● Task input:
○ ○ ○ ○ ○

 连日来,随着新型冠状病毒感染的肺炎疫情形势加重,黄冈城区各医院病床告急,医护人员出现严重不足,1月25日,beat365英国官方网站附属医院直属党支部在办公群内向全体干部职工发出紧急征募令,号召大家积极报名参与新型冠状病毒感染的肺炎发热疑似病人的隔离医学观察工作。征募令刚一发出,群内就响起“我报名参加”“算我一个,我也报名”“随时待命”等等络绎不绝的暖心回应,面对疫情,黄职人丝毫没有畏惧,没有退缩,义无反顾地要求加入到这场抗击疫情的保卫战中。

○ ○ ○ ○ ○

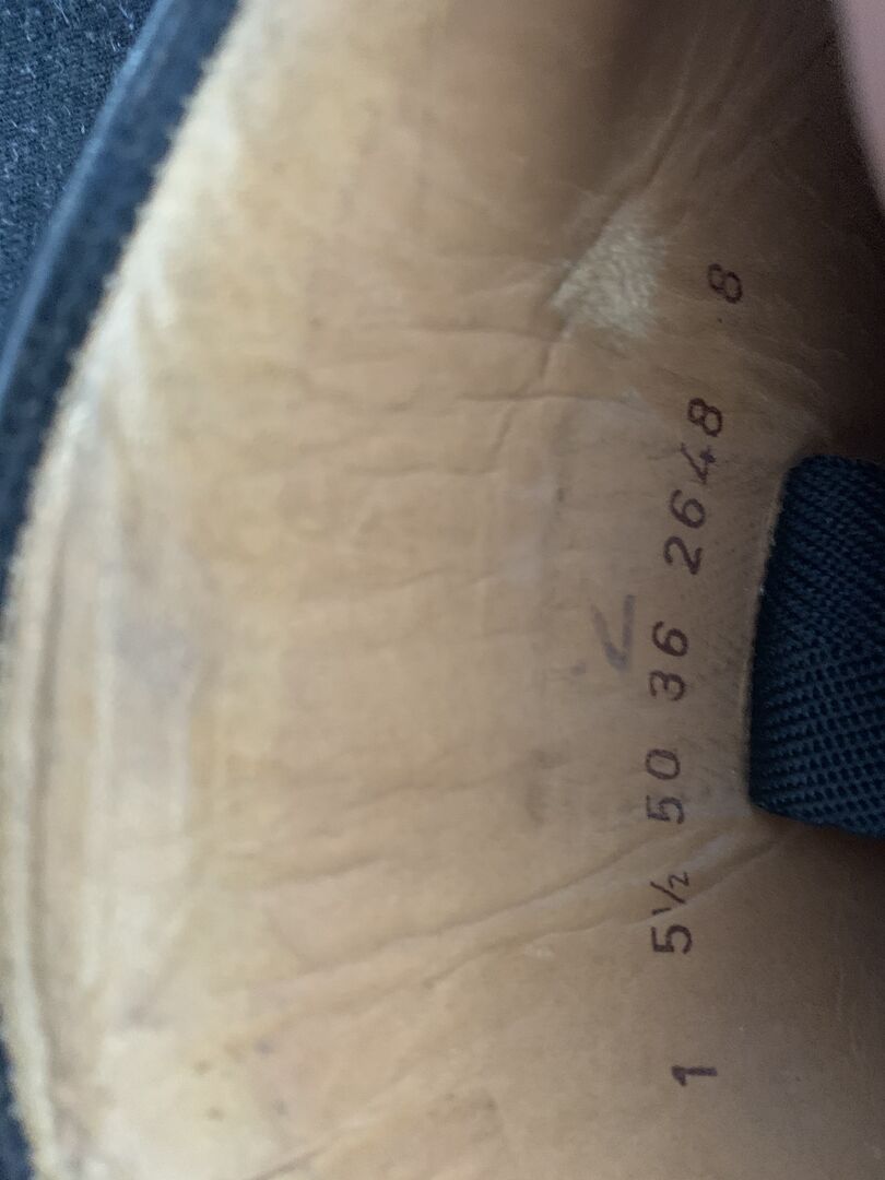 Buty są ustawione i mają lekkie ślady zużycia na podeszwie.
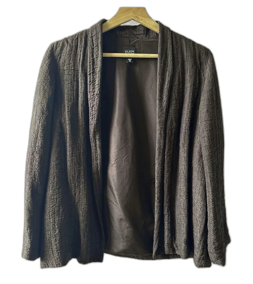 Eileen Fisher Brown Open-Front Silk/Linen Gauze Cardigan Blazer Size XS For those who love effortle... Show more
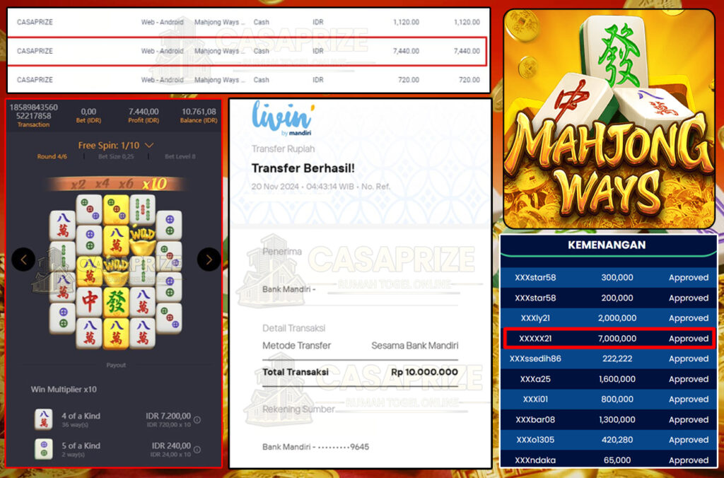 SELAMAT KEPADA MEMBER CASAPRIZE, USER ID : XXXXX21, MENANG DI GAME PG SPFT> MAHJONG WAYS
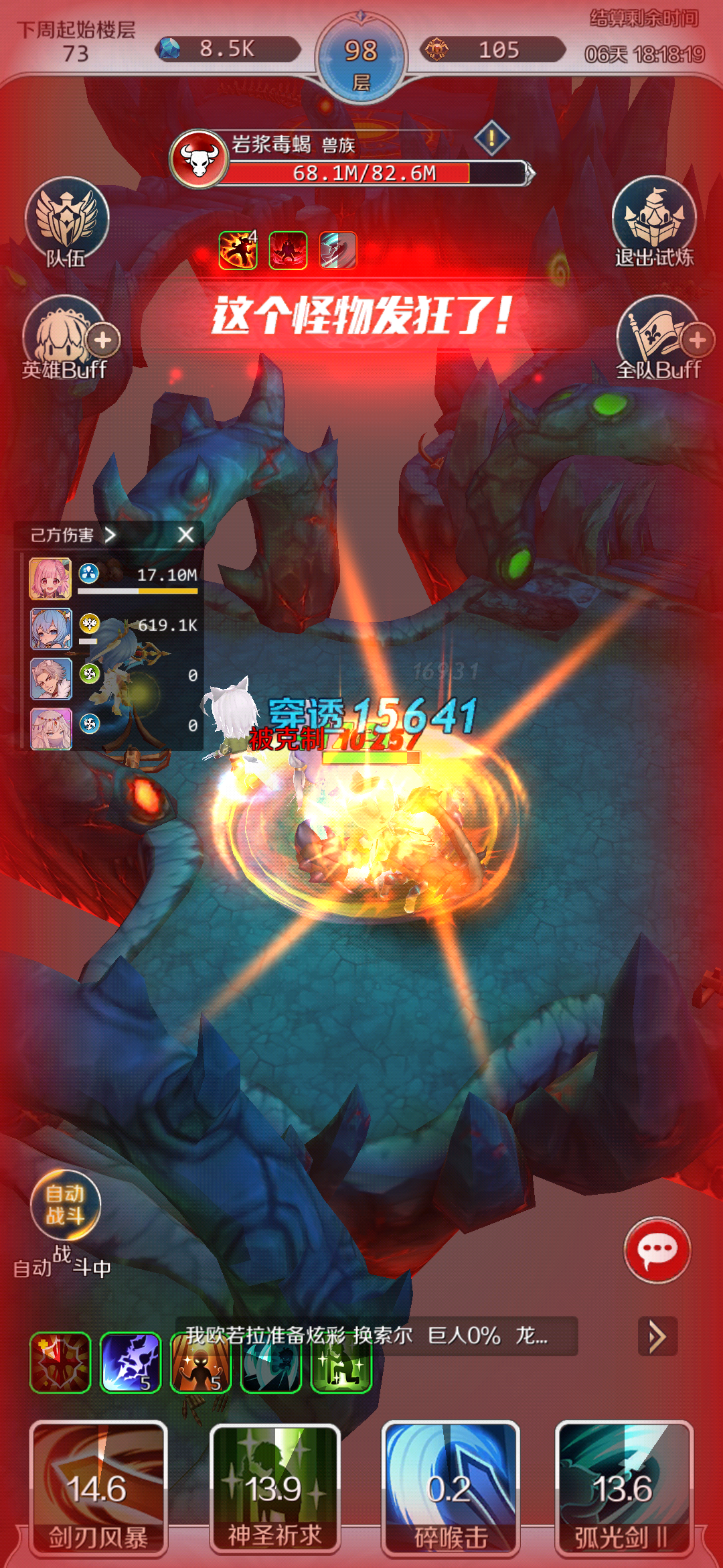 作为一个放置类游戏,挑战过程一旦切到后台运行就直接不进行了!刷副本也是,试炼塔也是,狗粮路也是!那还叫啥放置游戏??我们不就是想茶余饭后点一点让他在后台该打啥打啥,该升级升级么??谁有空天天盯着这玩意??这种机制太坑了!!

○ ○ ○ ○ ○

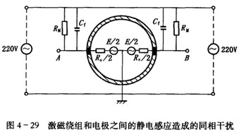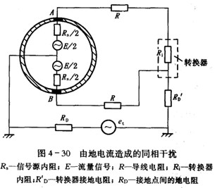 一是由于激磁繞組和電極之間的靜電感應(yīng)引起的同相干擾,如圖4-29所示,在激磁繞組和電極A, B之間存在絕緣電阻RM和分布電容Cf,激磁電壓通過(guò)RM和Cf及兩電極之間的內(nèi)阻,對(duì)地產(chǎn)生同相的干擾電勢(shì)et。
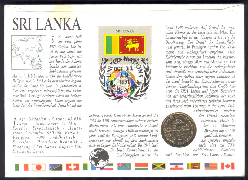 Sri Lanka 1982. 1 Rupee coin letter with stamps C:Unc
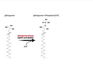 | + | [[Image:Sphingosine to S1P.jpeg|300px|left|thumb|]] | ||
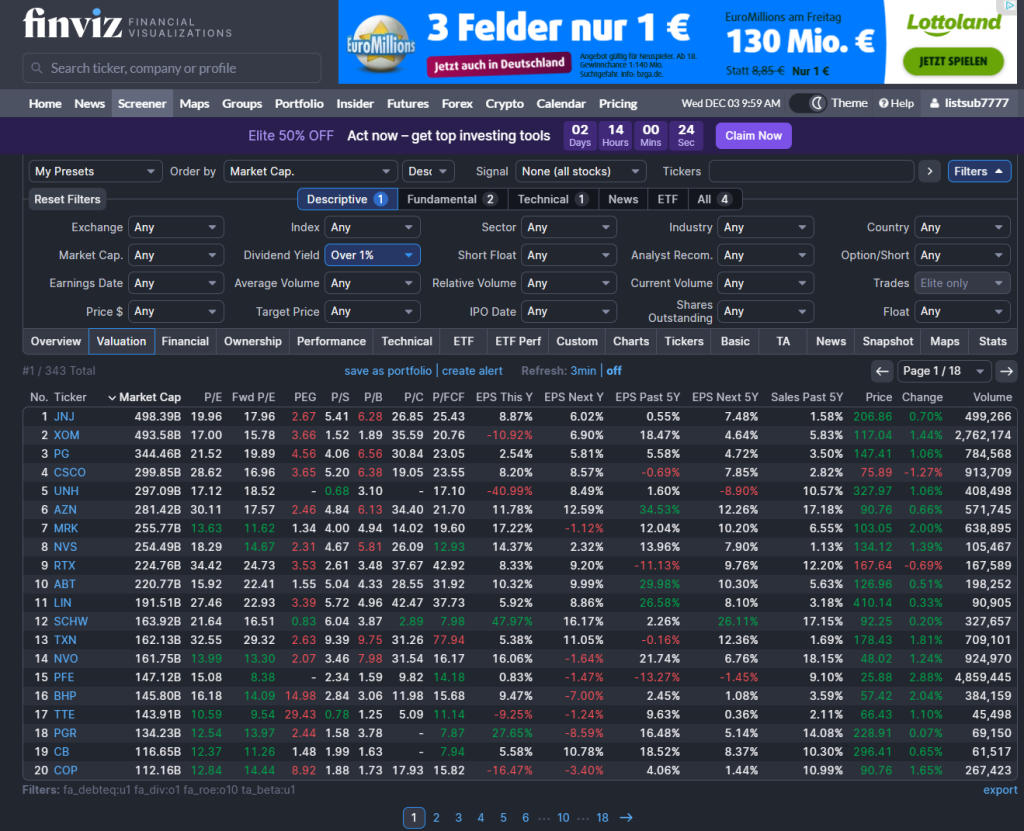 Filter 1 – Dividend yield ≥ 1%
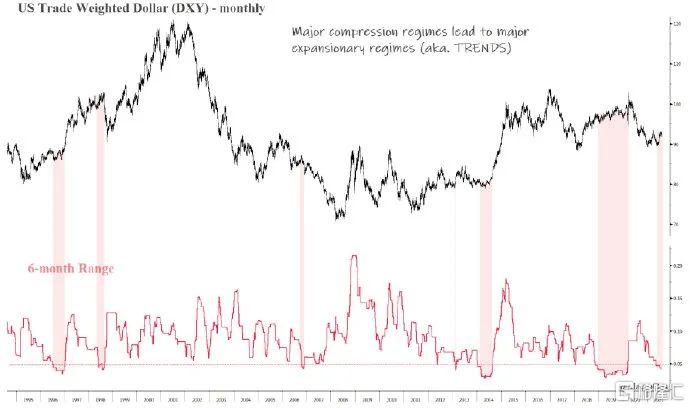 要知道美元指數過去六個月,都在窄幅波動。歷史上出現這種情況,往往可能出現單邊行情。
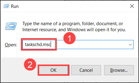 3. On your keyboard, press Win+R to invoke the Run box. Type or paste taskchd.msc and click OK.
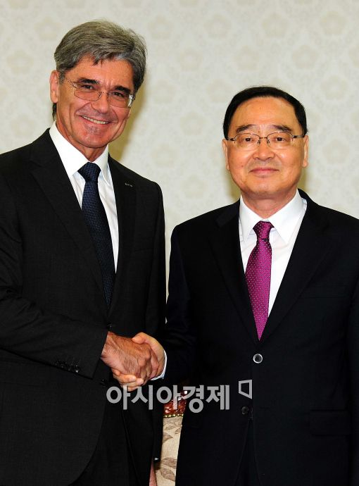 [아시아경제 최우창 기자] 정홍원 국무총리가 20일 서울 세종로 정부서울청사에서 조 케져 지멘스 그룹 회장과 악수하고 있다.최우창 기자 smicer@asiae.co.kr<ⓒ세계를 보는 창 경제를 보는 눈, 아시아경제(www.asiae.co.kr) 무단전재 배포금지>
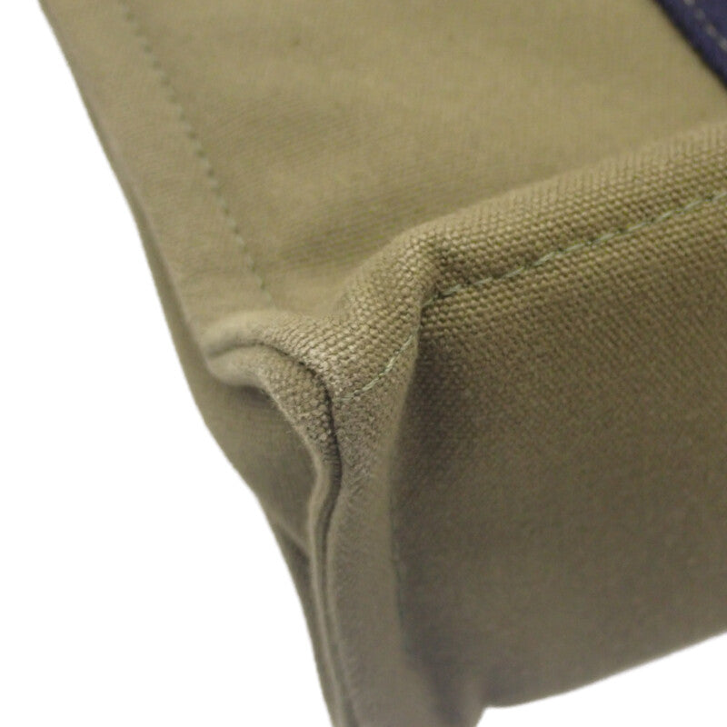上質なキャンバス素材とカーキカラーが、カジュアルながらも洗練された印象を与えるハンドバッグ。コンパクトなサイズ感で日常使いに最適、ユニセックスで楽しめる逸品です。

○ ○ ○ ○ ○

Only one stretch of the listing above is to be duplicated: the lines from the one containing "Buty są ustawione" through the one containing "作为一个放置类游戏,挑战过程", both included. Copy them exactly, minus the pictures.

● Written answer:
 Buty są ustawione i mają lekkie ślady zużycia na podeszwie.
 Eileen Fisher Brown Open-Front Silk/Linen Gauze Cardigan Blazer Size XS For those who love effortle... Show more
 SELAMAT KEPADA MEMBER CASAPRIZE, USER ID : XXXXX21, MENANG DI GAME PG SPFT> MAHJONG WAYS
 作为一个放置类游戏,挑战过程一旦切到后台运行就直接不进行了!刷副本也是,试炼塔也是,狗粮路也是!那还叫啥放置游戏??我们不就是想茶余饭后点一点让他在后台该打啥打啥,该升级升级么??谁有空天天盯着这玩意??这种机制太坑了!!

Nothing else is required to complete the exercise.